Hay cuatro policías federales que están a cargo de la seguridad del sacerdote. Pero eso y nada es lo mismo. El que quiera quitarlo del camino lo podría hacer con facilidad.

¿Y la Iglesia? ¿No es un refugio?
“La Iglesia ha sido secuestrada por el lujo y el oropel. El Vaticano es el símbolo del poder y del dinero. En el Vaticano ya no hay cruces. Si miran alrededor, solo encontrarán el escudo del Vaticano. Hasta la llegada de este Papa, el Papa Francisco, sus antecesores se sentaban en un trono. Y ese trono es un símbolo. Es la silla del que manda. El que gobierna. No es el asiento del que sirve al rebaño. Yo espero que este Papa, que entró a contracorriente porque la Iglesia siempre obstaculizó a los jesuitas, sea realmente el pastor de los pobres.”

Las opiniones eclesiásticas de Alejandro Solalinde están en el extremo opuesto de la ortodoxia. No solo son sumamente críticas —aborrece la histórica inclinación al dinero por parte de la jerarquía—, sino además se apartan de los principios que ha defendido la Iglesia para mantener su cohesión, su disciplina y su control. Por ejemplo, del celibato. El pastor de los migrantes está convencido de que los sacerdotes pueden casarse, tener una familia, formar parte de la comunidad como todos los demás.

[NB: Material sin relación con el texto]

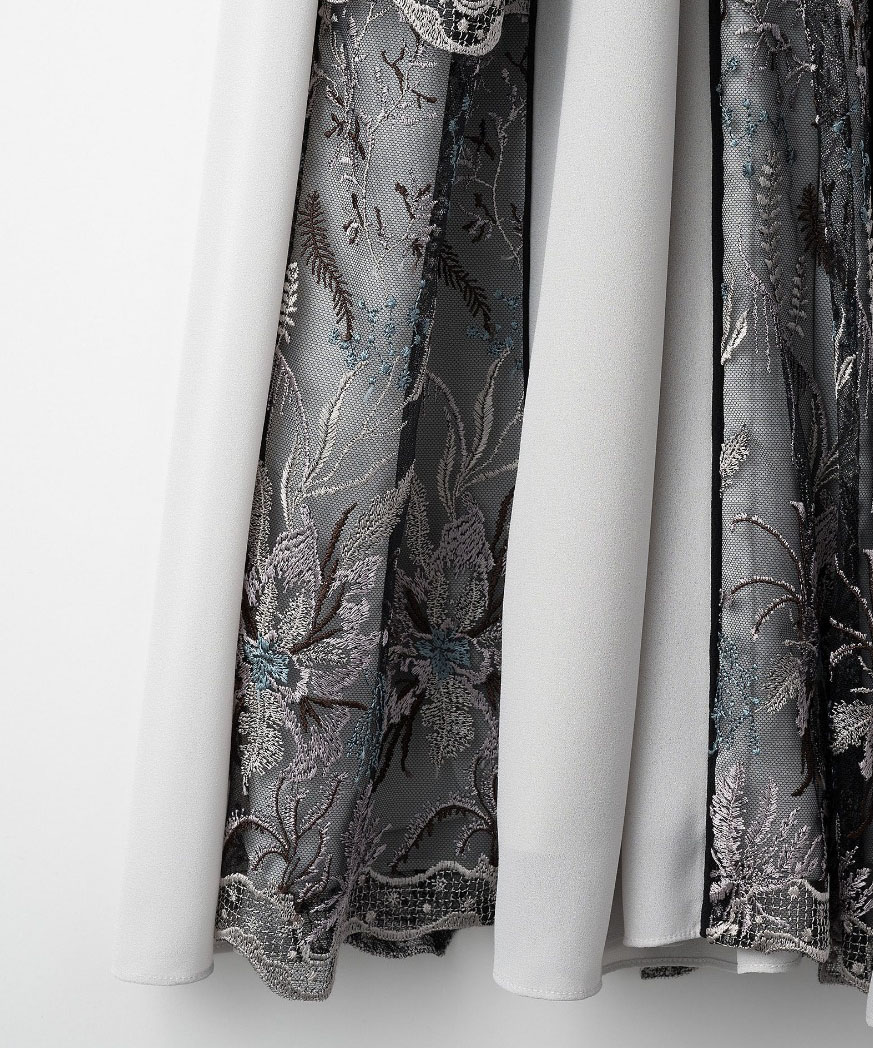 スカート部分にはエンブロイダリーレースがコラージュされたように配置されています。

Más aun, piensa que las mujeres tienen todo el derecho al sacerdocio, y la Iglesia mejoraría mucho con el ingreso de las mujeres como ministras de culto.

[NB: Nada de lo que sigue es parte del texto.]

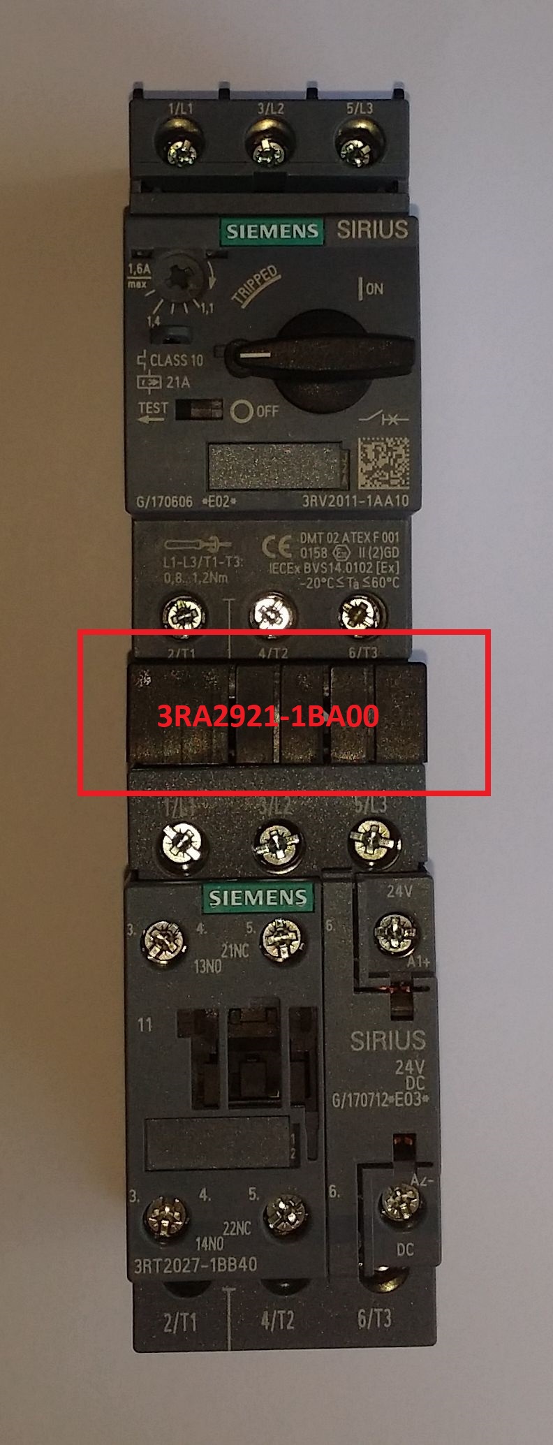 11429 | 3RT2024-1BB40 SIEMENS 3RT2024-1BB40, stykač, AC-3e, 12A/5,5 kW/400V, 3pólový, DC 24V, 1 NO + 1 NC, šroubová svorka |

“Alguien tiene que pedirles perdón a las mujeres por lo que la humanidad ha hecho con ellas —dice Solalinde con vehemencia—; yo, en primer lugar, les pido perdón. Las mujeres han sido rechazadas y ninguneadas a lo largo de la historia, y con ellas se ha cometido una enorme injusticia. Se les ha relegado a un segundo plano. Han quedado fuera de los ámbitos de responsabilidad, fuera de los cargos públicos, fuera de la jerarquía eclesiástica, fuera de determinados trabajos, fuera de los liderazgos, fuera de todo. Qué barbaridad. ¿Pero saben una cosa? Las mujeres son mejores que los hombres. Y eso lo digo asumiendo toda la carga de mis palabras. El futuro de la humanidad descansa sobre las mujeres. Ellas son más responsables, más disciplinadas, más comprometidas, más perseverantes, más cuidadosas, más comprensivas, más trabajadoras que los hombres.”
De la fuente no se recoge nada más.